Magnitude of a ball's Acceleration

[PhysicsHelp152]

Homework Statement

A 0.17-kg cue ball rests on the pool table. It's struck by a cue stick applying force F1→ = 13Ni^+21Nj^
Determine the magnitude of the ball's acceleration.

Homework Equations

a_x = F_{net, x} / m
a_y = F_{net, y} / m
a = F_net / m

The Attempt at a Solution

Components of Acceleration:
a_x = 13Ni^ / 0.17kg = 76.47m/s²

a_y = 21Nj^ / 0.17kg = 123.53m/s²

Magnitude:
F_net = √(13Ni^)² * (21Nj^)² = 24.7N

angle θ = tan^-1 * (21N / 13N) = 58.24° above the + x-axis (fixed. see replies below)

Acceleration's Magnitude:
a = F_net / m = 24.7N / 0.17kg = 145.29m/s² or 145m/s² rounded

I feel like this should be the answer, or that I'm very close to the answer. Am I missing a step? Did I do something wrong? Am I way off?

 

[gneill]

Hi PhysicsHelp152, Welcome to Physics Forums.
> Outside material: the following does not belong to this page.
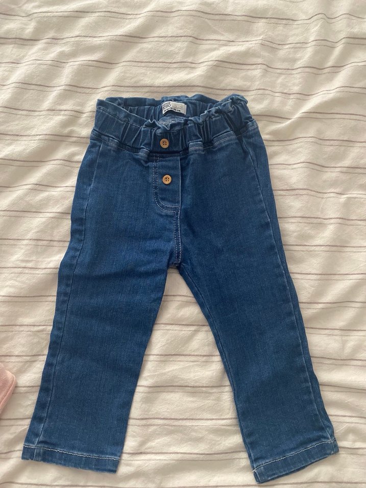 Düğmeli ön kısmı ve sade mavi tasarımıyla, kız çocuklar için dar kesim denim pantolon. 18 aylık bir kez giyildi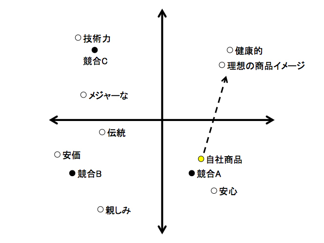 For example, it can instantly convey something like: "Analysis of our product's image showed it closely resembled major competing brands. Let's shift towards the 'healthy' direction consumers desire." Here, little attention is paid to "How do we shift in that direction? (i.e., how do we fight?)" The key is simply to become "healthy."

Your work and results look fine except for the angle. Take another look at which component is which for the arctan function to find the angle w.r.t. the x-axis.

 

[PhysicsHelp152]

Is this the correct angle?
θ = tan-1 * (21N / 13N) = 58.24° (fixed. see replies below)

Also, the magnitude of the ball's acceleration is indeed 145m/s²?
I ask because apparently it isn't correct? I answer my questions online and I get 5 tries to get it right. I only have one try left and I already tried 145m/s².

 

[gneill]

Is this the correct angle?
θ = tan-1 * (21Ni^ / 13Nj^) = 58.24°

Yes, that looks better. But don't include the axis unit vectors in the formula: you're taking a ratio of component values, not vector quantities. Besides, the x-component is generally designated by the $\hat{i}$ unit vector, and the y-component by the $\hat{j}$ unit vector, and you seem to have swapped the components of the force vector by using "21Ni^" and "13Nj^".

Also, the magnitude of the ball's acceleration is indeed 145m/s²?
I ask because apparently it isn't correct? I answer my questions online and I get 5 tries to get it right. I only have one try left and I already tried 145m/s².

Your calculation looks fine. You may be getting hit by significant figures. How many sig figs in the given information?

 

[PhysicsHelp152]

Your calculation looks fine. You may be getting hit by significant figures. How many sig figs in the given information?

There are 2 sig figs in the given information... I think. So my answer should be two sig figs?
But what would the answer be then?